Iluminación: LED, luz natural y control
La iluminación es el bloque donde más gente empieza y donde menos margen queda ya. La razón es buena: la transición a LED está prácticamente completa en los hogares españoles, y las bombillas incandescentes y halógenas llevan años fuera del mercado por normativa europea de diseño ecológico. Si tu casa ya es LED, esta sección te llevará dos minutos. Si todavía te queda algún halógeno en un baño o en un foco de cocina, ahí sí hay recorrido.
Qué mirar al comprar una bombilla
El dato que importa ya no son los vatios, son los lúmenes: la cantidad de luz que emite. Los vatios solo te dicen lo que consume. La tabla siguiente recoge las equivalencias aproximadas que usan los fabricantes para que un comprador acostumbrado a los vatios de las bombillas antiguas encuentre el reemplazo correcto.
| Luz que necesitas (lúmenes) | Equivalencia a incandescente antigua | Consumo aproximado de un LED actual | Uso típico |
|---|---|---|---|
| ≈ 250 lm | 25 W | 3 W | Luz de ambiente, apliques, mesilla |
| ≈ 470 lm | 40 W | 5 W | Pasillos, lámparas de rincón |
| ≈ 800 lm | 60 W | 8-9 W | Punto de luz general de una habitación |
| ≈ 1.050 lm | 75 W | 11 W | Salones y cocinas |
| ≈ 1.520 lm | 100 W | 14-15 W | Zonas de trabajo, garajes, trasteros |
Que un LED de unos 9 W dé la misma luz que una incandescente de 60 W es aritmética de la ficha técnica, no una promesa comercial. Junto a los lúmenes, mira dos cosas más: la temperatura de color en kelvin —entre 2.700 K y 3.000 K para zonas de estar, alrededor de 4.000 K para cocina y zonas de trabajo— y el índice de reproducción cromática, que conviene que sea alto donde tengas que distinguir colores. Desde 2021 las lámparas llevan la etiqueta energética reescalada de A a G, así que no busques clases con signos «+»: ya no existen.
Luz natural y control
La luz que no enciendes es la más barata. Mantener los cristales limpios, no bloquear ventanas con muebles altos y usar colores claros en paredes y techos multiplica el aprovechamiento de la luz de día sin gastar nada. Después vienen los automatismos: detectores de presencia en zonas de paso como garajes, trasteros, portales y pasillos, donde la luz se queda encendida sin que nadie lo note, y temporizadores o reguladores en las estancias donde no necesitas el máximo de luz todo el rato. En exteriores, un simple sensor crepuscular evita que la luz del jardín siga encendida a mediodía.
Un apunte sobre el consumo en espera de la iluminación inteligente: cada bombilla conectada consume una pequeña cantidad de forma continua para mantener la conexión, y un enchufe inteligente también. Es poco por unidad, pero si llenas la casa de dispositivos conectados que apenas usas, ese goteo constante puede cancelar buena parte de lo que ahorras con la automatización. Automatiza donde hay un patrón claro que optimizar, no por defecto.
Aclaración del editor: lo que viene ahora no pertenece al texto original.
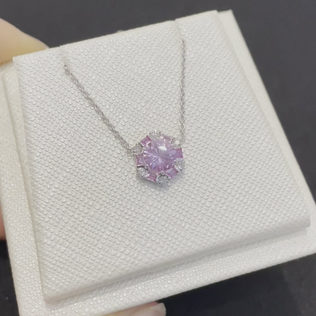 Melba necklace in white gold set with Pink sapphires and Diamonds. Subtle yet iconic piece in hexagon.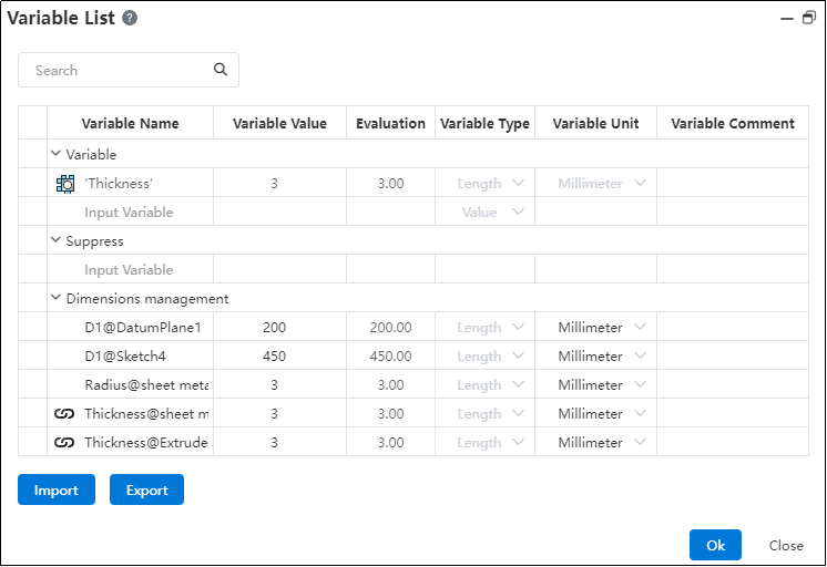 Note:After generating the sheet metal body, a "Thickness" variable with a sheet metal icon will appear in the variable manager, and the thickness of the cut will match the value of this variable.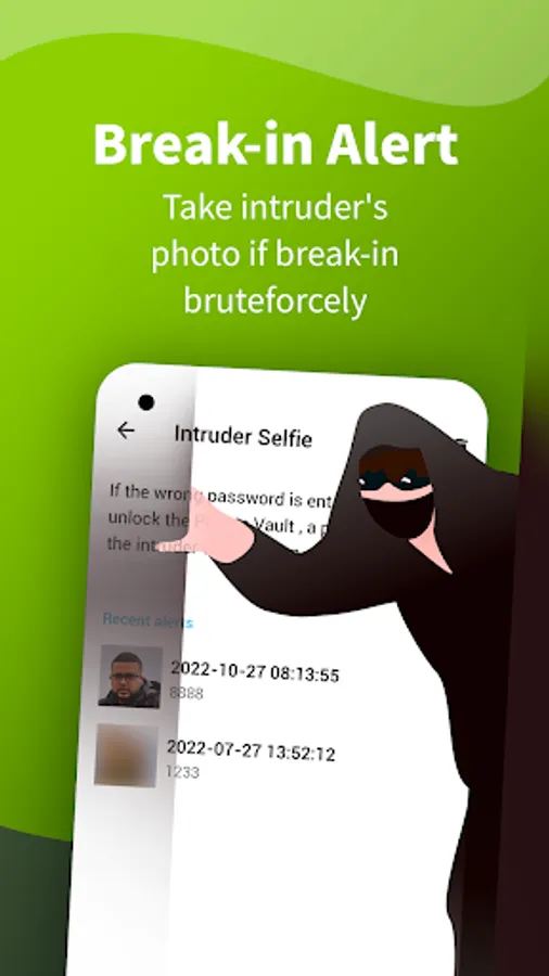 - Turn on the alert and it will automatically take a photo of the intruder who fails to unlock the photo vault.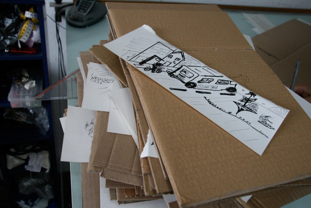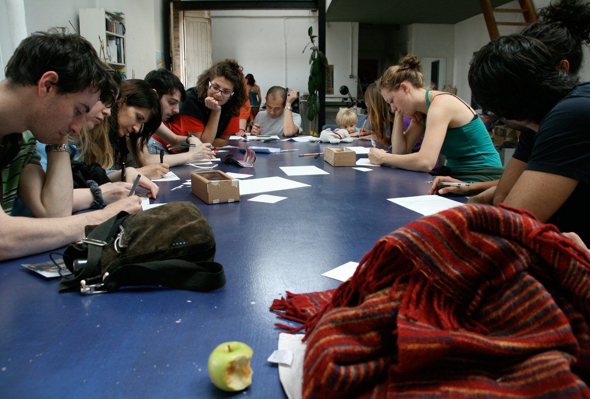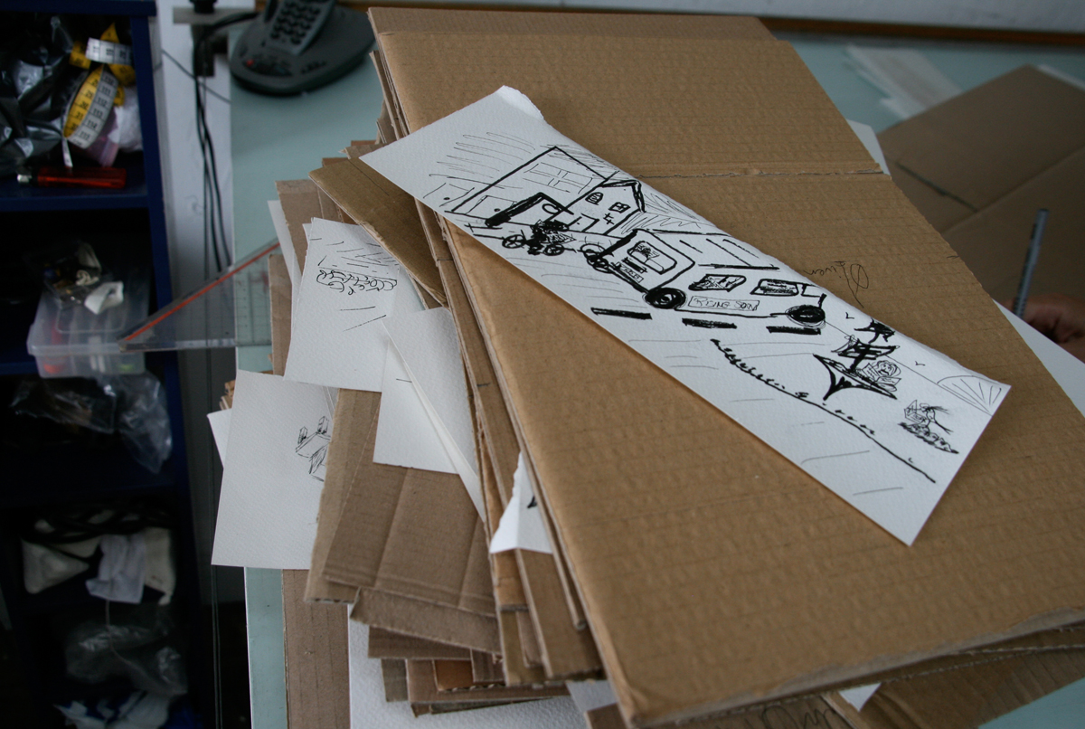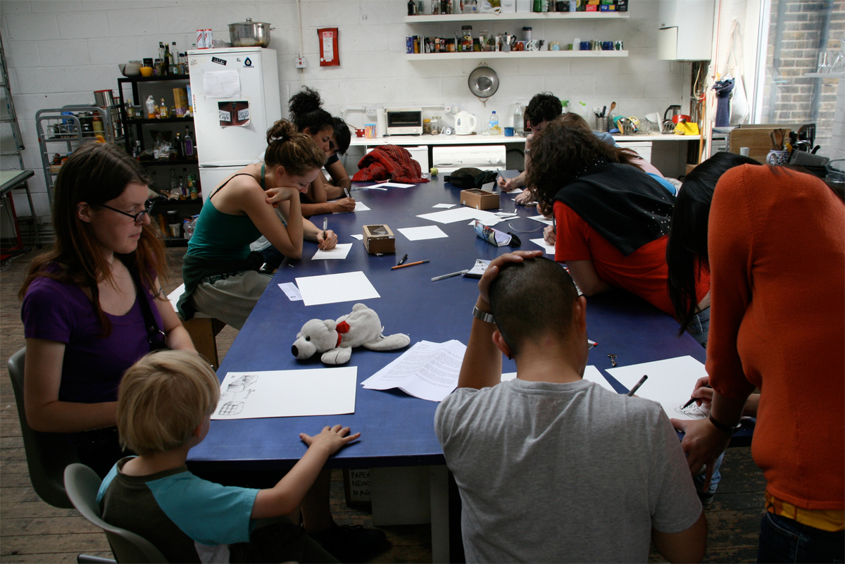During the Hackney Wicked Festival in August 2010 [population flow] took the shape of a cardboard brick news wall where each brick contained a chapter of the news collection. Inside each brick were cut outs of scenarios of how people have access to news and how that varies from an individualistic experience to a mass absorption event.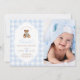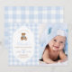 Blue Gingham Teddy Bear Beary First Birthday Photo Einladung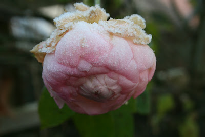 The pink roses have taken on the look of a delicious frozen dessert best served with a glass of Sicilian Marsala after a hearty dish of roast venison in front of a crackling log fire.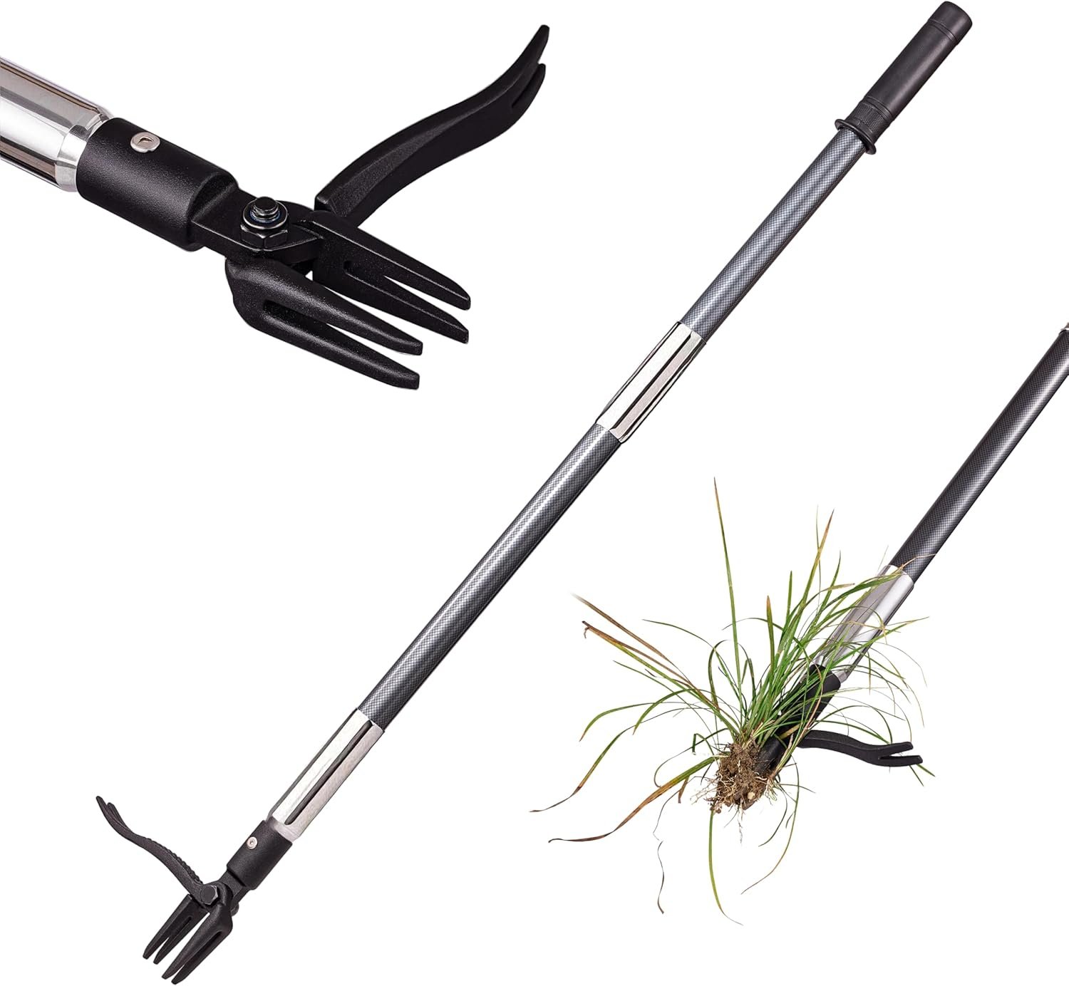 Lightweight & Eco-Friendly Design:Crafted with a lightweight epoxy resin shaft, this weed picker tool eliminates the need for wood, reducing environmental impact without sacrificing strength. Built to handle heavy-duty tasks, it resists bending or breaking even under pressure. The ergonomic anti-slip grip at the top ensures comfortable control during long gardening sessions, making it ideal for tackling stubborn weeds effortlessly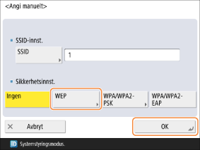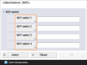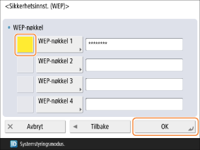Velg en av <WEP-nøkkel 1> til <WEP-nøkkel 4>, og tast inn WEP-nøkkelen.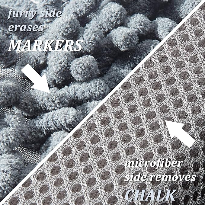- Effective erasing: the microfiber surface of the dry board eraser easily removes most dry erase ink from any dry erase board, while the furry side erases chalk, no liquid cleaners needed; Dual side design is convenient and effective to erase without damaging the writing surface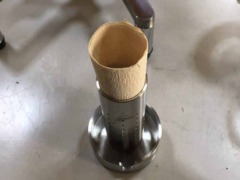 ③筒状のコーヒーフィルターをシリンダーの中に入れます。

Electrodomésticos: leer la etiqueta A-G de 2021
Aquí hay un error muy extendido que conviene aclarar antes de nada, porque circula por miles de páginas y por bastantes tiendas: la clase A+++ ya no existe. En marzo de 2021 la Unión Europea reescaló la etiqueta energética de frigoríficos, congeladores, lavadoras, lavavajillas y pantallas, y desde entonces la escala vuelve a ir de A a G, sin signos «+». Las lámparas se reescalaron poco después. Si ves una ficha de producto que promete «clase A+++», estás mirando información caducada o mal copiada.
El reescalado se hizo a propósito con margen: la clase A quedó deliberadamente casi vacía al principio, para que los fabricantes tuvieran recorrido de mejora durante años. Eso significa que un electrodoméstico actual de clase C o D no es un mal aparato; en la escala antigua muchos de ellos habrían sido A++ o A+++. Comparar la letra de un producto de 2026 con la letra de uno de 2018 no tiene sentido.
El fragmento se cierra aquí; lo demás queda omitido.